Early Friday afternoon,
Republican leaders announced that they were
pulling the redrafted
health care bill from consideration, meaning that they won't be voting on it after all. At least not in this form and not now.
The more they tried to
change it to gain Freedom Caucus votes, the more
mainstream Republican votes were lost. There just seems no way to bridge that chasm. With a margin of only 21 or 22 votes to lose, they saw no way forward.
Even
the changes they were floating just
made the bill worse than it was, even objectively. The CBO graded the revised bill thus: premiums would go up, benefits would go down, and deficit relief would be reduced -- even as compared with the GOP's first bill.
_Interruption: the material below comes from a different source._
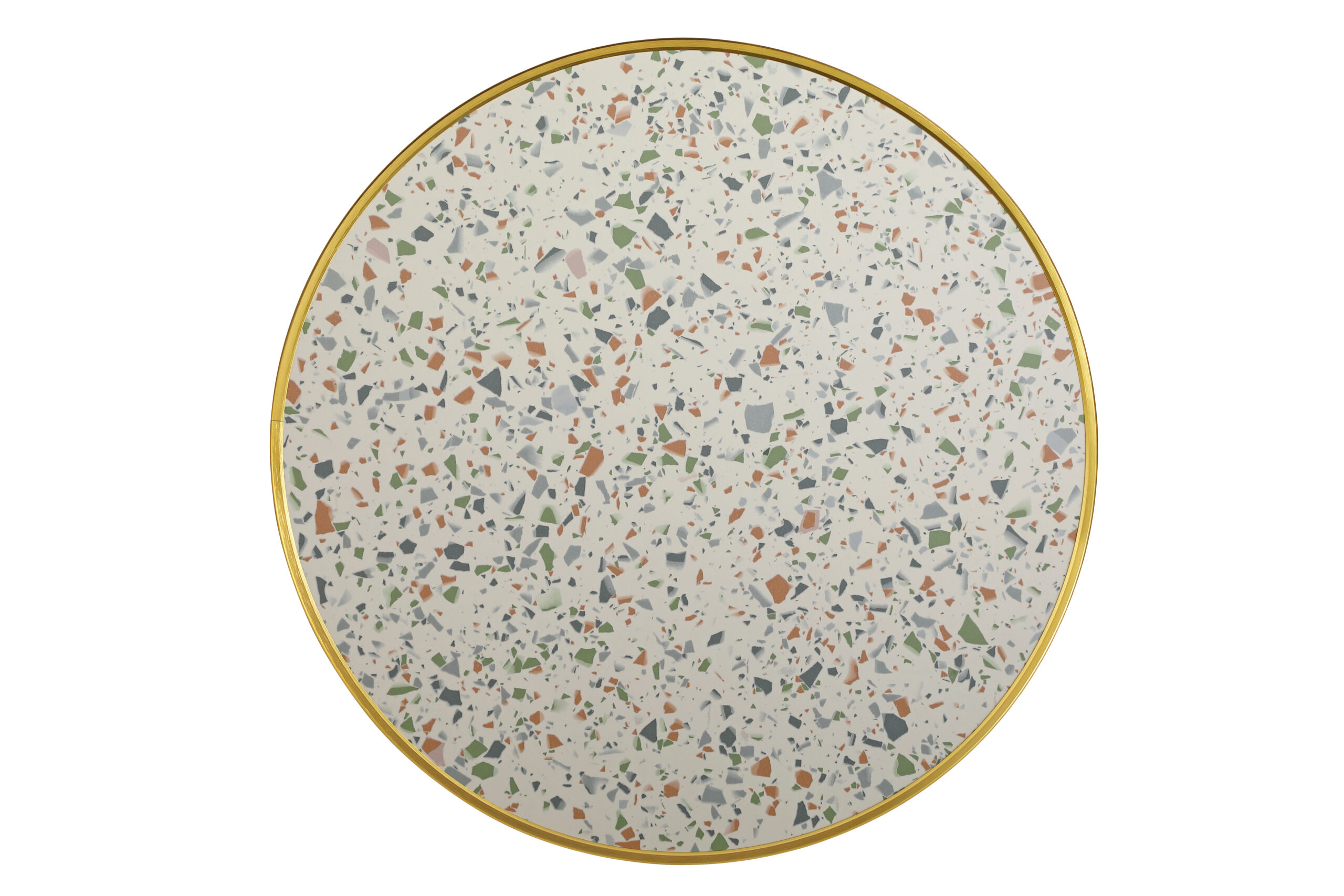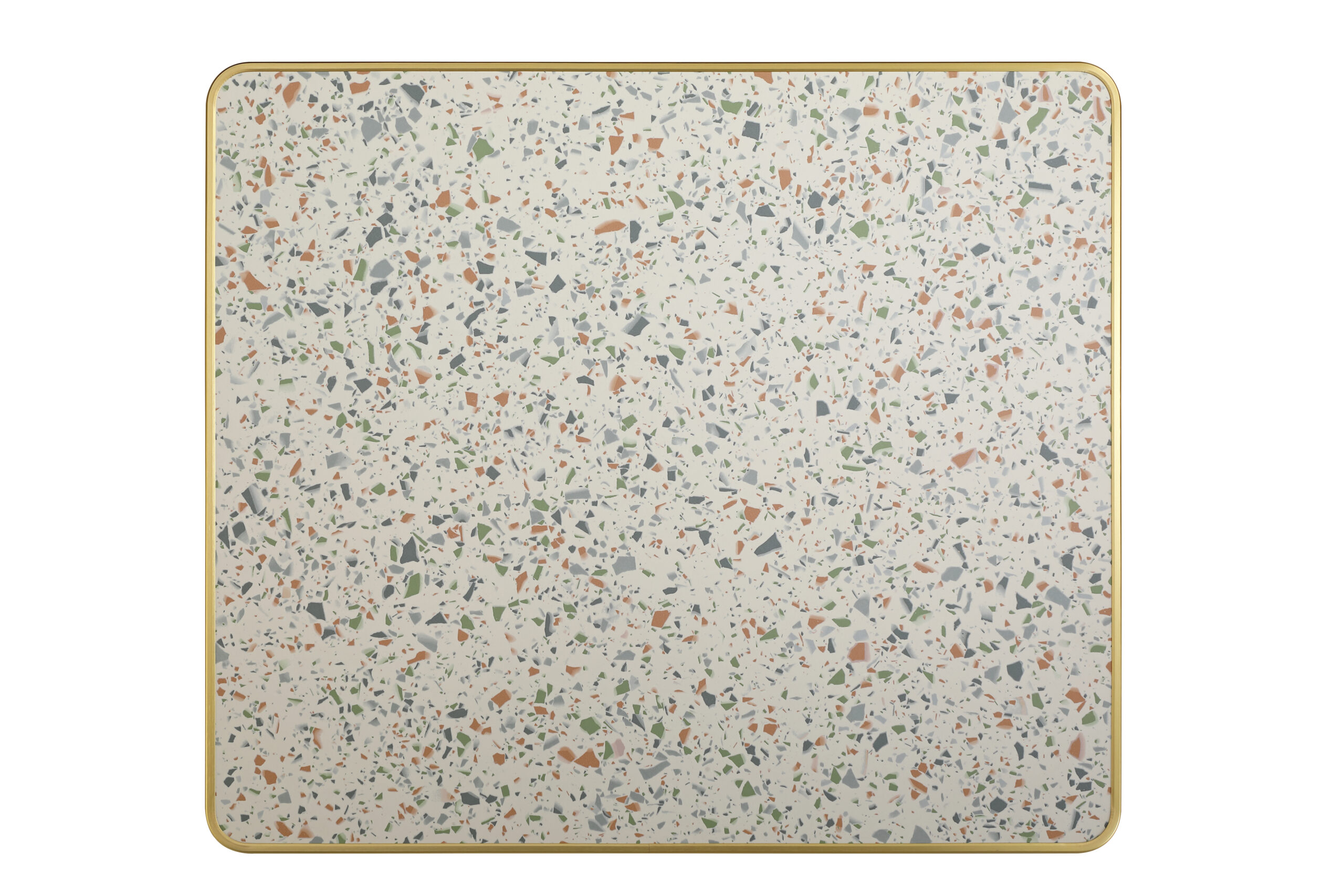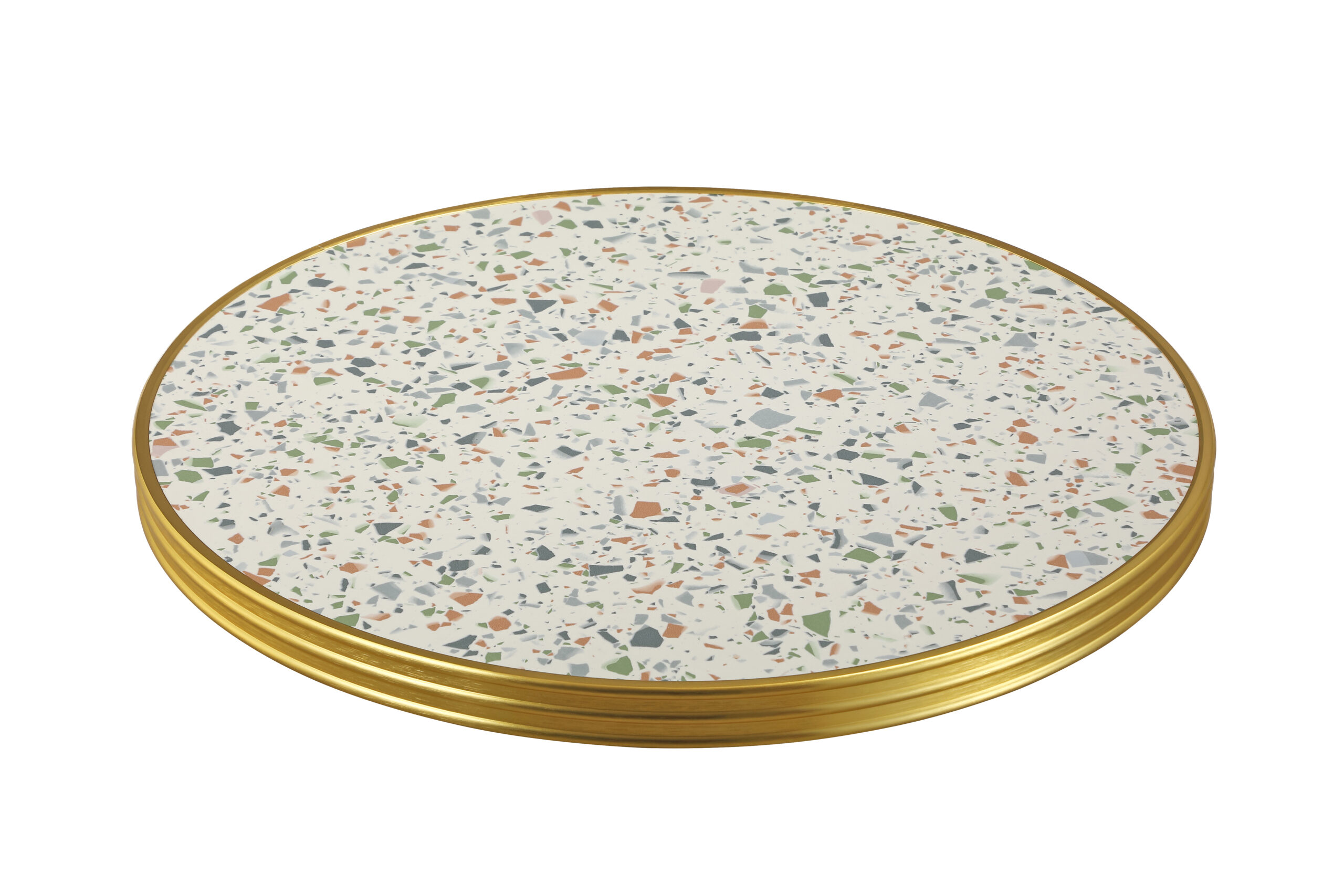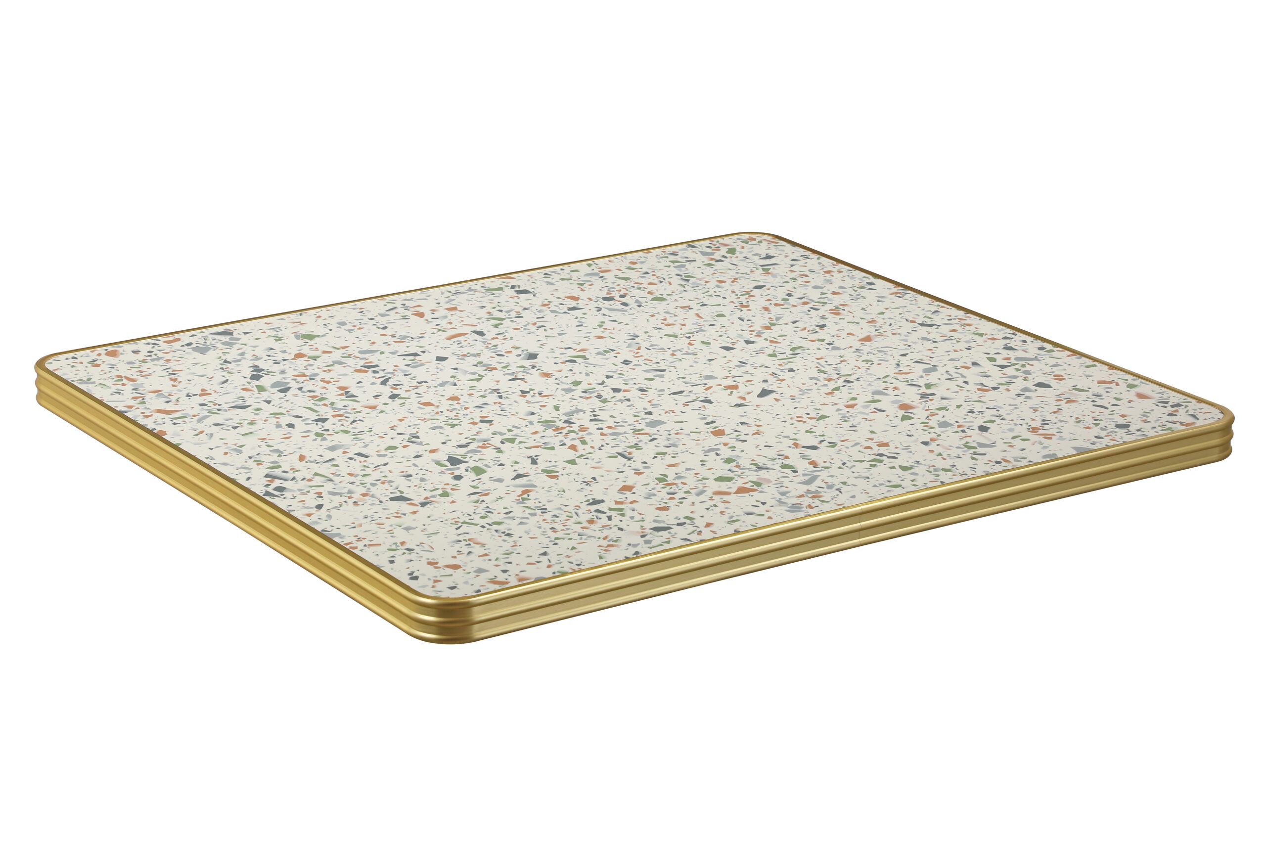 Ce plateau est réalisé en stratifié décor terrazzo blanc, associé à un cerclage aluminium finition laiton. En effet, cette combinaison apporte une finition soignée tout en protégeant les chants contre les chocs du quotidien.

Ryan couldn't make the numbers work. And
Trump's reputed
negotiating skills didn't work in Washington.
The truth is that
Trump didn't care much about health care. Despite it being one of his biggest campaign slogans ("We're going to repeal Obamacare, which is a total disaster, and replace it with something so great."), it wasn't what he was passionate about. What he is
passionate about is winning; and, despite what he said, he knew it was going to lose. He did seem, better than Ryan, to read the signs that this was doomed by the lack of unity within the Republican party. Or maybe Ryan was blinded by wanting it too much. To Trump, it was merely
an obstacle to getting to what he is passionate about:
tax reform and trade deals.
But let's not forget that
to Trump winning is everything. So, despite the lack of passion about health care, losing his first big legislative act is a huge blow.
What
Ryan is passionate about is getting rid of all entitlements. He's really, really a true-believer in Ayn Rand political philosophy that doesn't want government to do much of anything except encourage business enterprise and get out of the way of the free market. Ryan
saw repealing Obamacare as the first step toward going after Medicaid and eventually Medicare and Social Security.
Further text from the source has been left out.